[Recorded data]

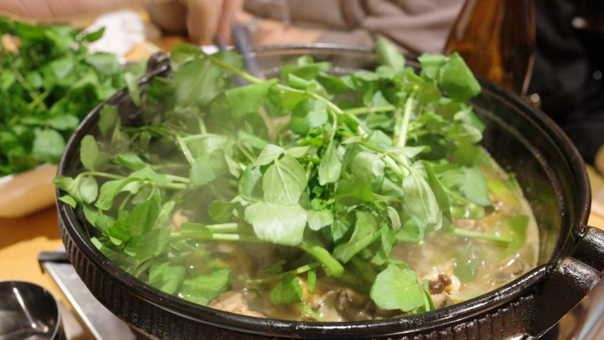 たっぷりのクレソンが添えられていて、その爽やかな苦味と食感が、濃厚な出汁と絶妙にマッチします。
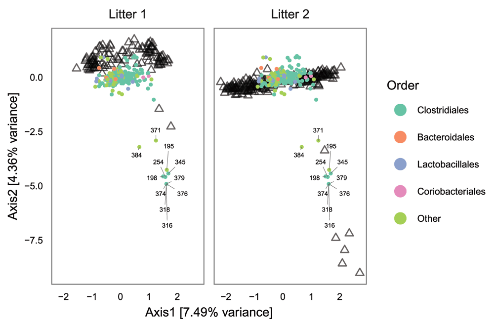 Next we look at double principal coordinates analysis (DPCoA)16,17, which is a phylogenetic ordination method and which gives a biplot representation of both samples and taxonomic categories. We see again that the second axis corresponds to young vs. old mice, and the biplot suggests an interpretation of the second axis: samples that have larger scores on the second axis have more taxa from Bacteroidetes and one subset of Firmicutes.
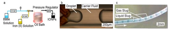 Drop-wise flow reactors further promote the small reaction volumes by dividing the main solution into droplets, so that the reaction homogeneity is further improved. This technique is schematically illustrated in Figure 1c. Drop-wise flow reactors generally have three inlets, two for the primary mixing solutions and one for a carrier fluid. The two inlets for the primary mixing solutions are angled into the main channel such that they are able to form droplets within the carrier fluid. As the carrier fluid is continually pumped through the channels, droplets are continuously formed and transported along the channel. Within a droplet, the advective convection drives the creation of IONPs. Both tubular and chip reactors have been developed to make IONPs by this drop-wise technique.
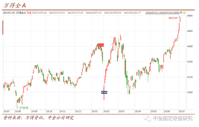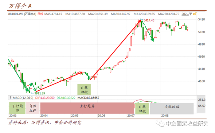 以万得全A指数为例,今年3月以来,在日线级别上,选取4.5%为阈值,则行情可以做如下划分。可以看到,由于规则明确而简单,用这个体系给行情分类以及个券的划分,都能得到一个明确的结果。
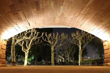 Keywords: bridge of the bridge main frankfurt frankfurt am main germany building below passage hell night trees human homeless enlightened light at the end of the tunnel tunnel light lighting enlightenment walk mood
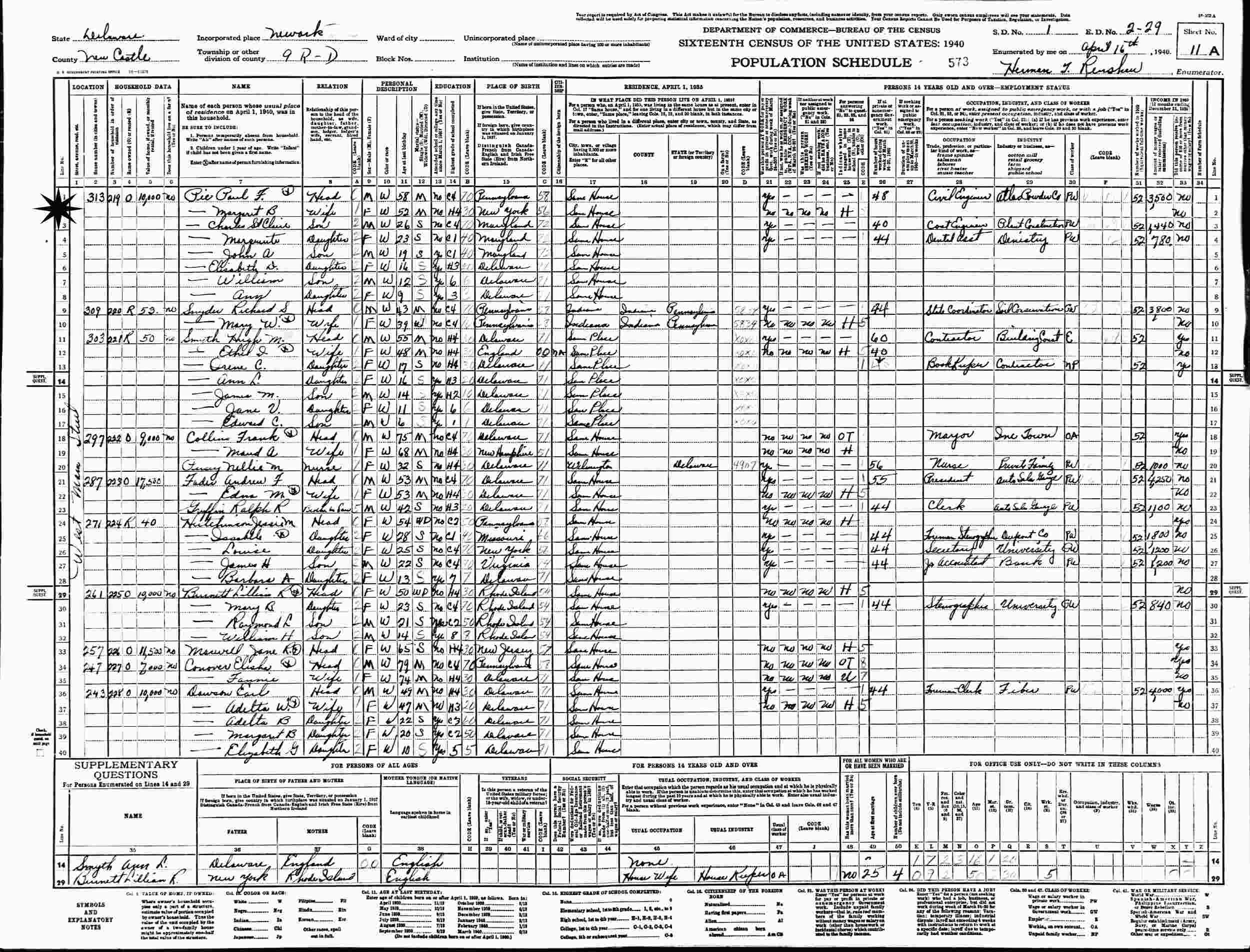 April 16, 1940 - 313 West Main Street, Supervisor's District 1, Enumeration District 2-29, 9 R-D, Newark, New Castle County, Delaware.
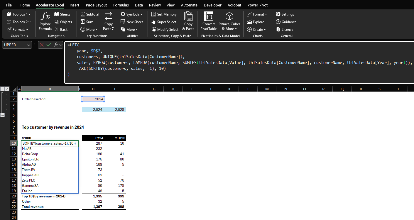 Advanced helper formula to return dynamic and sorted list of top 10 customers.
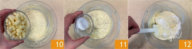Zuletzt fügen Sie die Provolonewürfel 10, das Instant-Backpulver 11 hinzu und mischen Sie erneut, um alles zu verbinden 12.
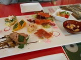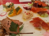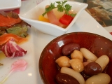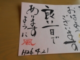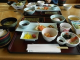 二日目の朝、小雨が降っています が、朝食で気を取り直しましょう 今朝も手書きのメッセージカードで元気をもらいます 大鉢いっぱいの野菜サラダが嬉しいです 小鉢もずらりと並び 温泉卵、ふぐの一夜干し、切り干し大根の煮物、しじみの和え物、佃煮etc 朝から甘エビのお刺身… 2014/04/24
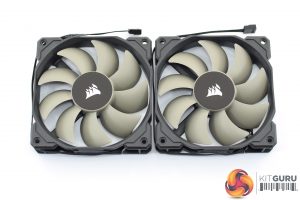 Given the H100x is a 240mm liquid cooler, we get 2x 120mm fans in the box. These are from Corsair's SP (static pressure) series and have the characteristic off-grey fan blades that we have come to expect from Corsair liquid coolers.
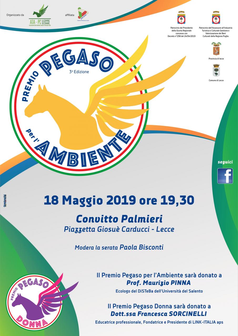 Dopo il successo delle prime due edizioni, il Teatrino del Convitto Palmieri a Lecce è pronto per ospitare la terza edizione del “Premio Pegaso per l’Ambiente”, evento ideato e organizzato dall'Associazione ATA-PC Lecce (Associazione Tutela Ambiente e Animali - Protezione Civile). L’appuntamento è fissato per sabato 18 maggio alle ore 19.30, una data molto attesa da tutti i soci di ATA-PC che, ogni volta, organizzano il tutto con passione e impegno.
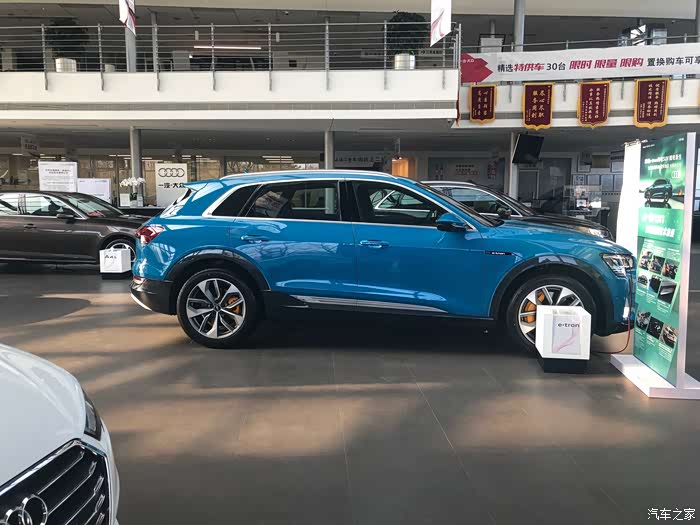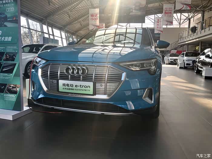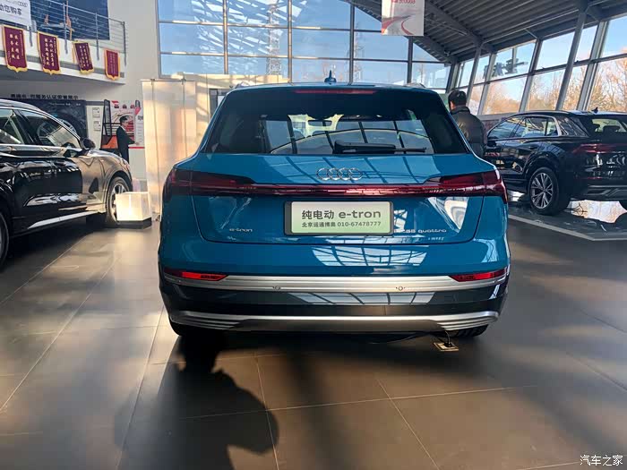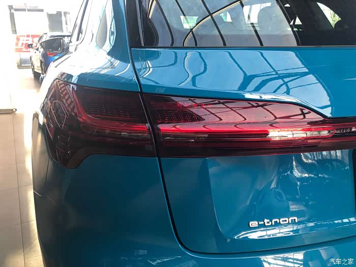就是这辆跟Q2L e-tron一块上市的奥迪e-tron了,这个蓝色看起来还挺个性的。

What is required - Output each record verbatim and leave out its pictures.

Answer area -
 たっぷりのクレソンが添えられていて、その爽やかな苦味と食感が、濃厚な出汁と絶妙にマッチします。
 Next we look at double principal coordinates analysis (DPCoA)16,17, which is a phylogenetic ordination method and which gives a biplot representation of both samples and taxonomic categories. We see again that the second axis corresponds to young vs. old mice, and the biplot suggests an interpretation of the second axis: samples that have larger scores on the second axis have more taxa from Bacteroidetes and one subset of Firmicutes.
 Drop-wise flow reactors further promote the small reaction volumes by dividing the main solution into droplets, so that the reaction homogeneity is further improved. This technique is schematically illustrated in Figure 1c. Drop-wise flow reactors generally have three inlets, two for the primary mixing solutions and one for a carrier fluid. The two inlets for the primary mixing solutions are angled into the main channel such that they are able to form droplets within the carrier fluid. As the carrier fluid is continually pumped through the channels, droplets are continuously formed and transported along the channel. Within a droplet, the advective convection drives the creation of IONPs. Both tubular and chip reactors have been developed to make IONPs by this drop-wise technique.
 以万得全A指数为例,今年3月以来,在日线级别上,选取4.5%为阈值,则行情可以做如下划分。可以看到,由于规则明确而简单,用这个体系给行情分类以及个券的划分,都能得到一个明确的结果。
 Keywords: bridge of the bridge main frankfurt frankfurt am main germany building below passage hell night trees human homeless enlightened light at the end of the tunnel tunnel light lighting enlightenment walk mood
 April 16, 1940 - 313 West Main Street, Supervisor's District 1, Enumeration District 2-29, 9 R-D, Newark, New Castle County, Delaware.
 Advanced helper formula to return dynamic and sorted list of top 10 customers.
Zuletzt fügen Sie die Provolonewürfel 10, das Instant-Backpulver 11 hinzu und mischen Sie erneut, um alles zu verbinden 12.
 二日目の朝、小雨が降っています が、朝食で気を取り直しましょう 今朝も手書きのメッセージカードで元気をもらいます 大鉢いっぱいの野菜サラダが嬉しいです 小鉢もずらりと並び 温泉卵、ふぐの一夜干し、切り干し大根の煮物、しじみの和え物、佃煮etc 朝から甘エビのお刺身… 2014/04/24
 Given the H100x is a 240mm liquid cooler, we get 2x 120mm fans in the box. These are from Corsair's SP (static pressure) series and have the characteristic off-grey fan blades that we have come to expect from Corsair liquid coolers.
 Dopo il successo delle prime due edizioni, il Teatrino del Convitto Palmieri a Lecce è pronto per ospitare la terza edizione del “Premio Pegaso per l’Ambiente”, evento ideato e organizzato dall'Associazione ATA-PC Lecce (Associazione Tutela Ambiente e Animali - Protezione Civile). L’appuntamento è fissato per sabato 18 maggio alle ore 19.30, una data molto attesa da tutti i soci di ATA-PC che, ogni volta, organizzano il tutto con passione e impegno.
就是这辆跟Q2L e-tron一块上市的奥迪e-tron了,这个蓝色看起来还挺个性的。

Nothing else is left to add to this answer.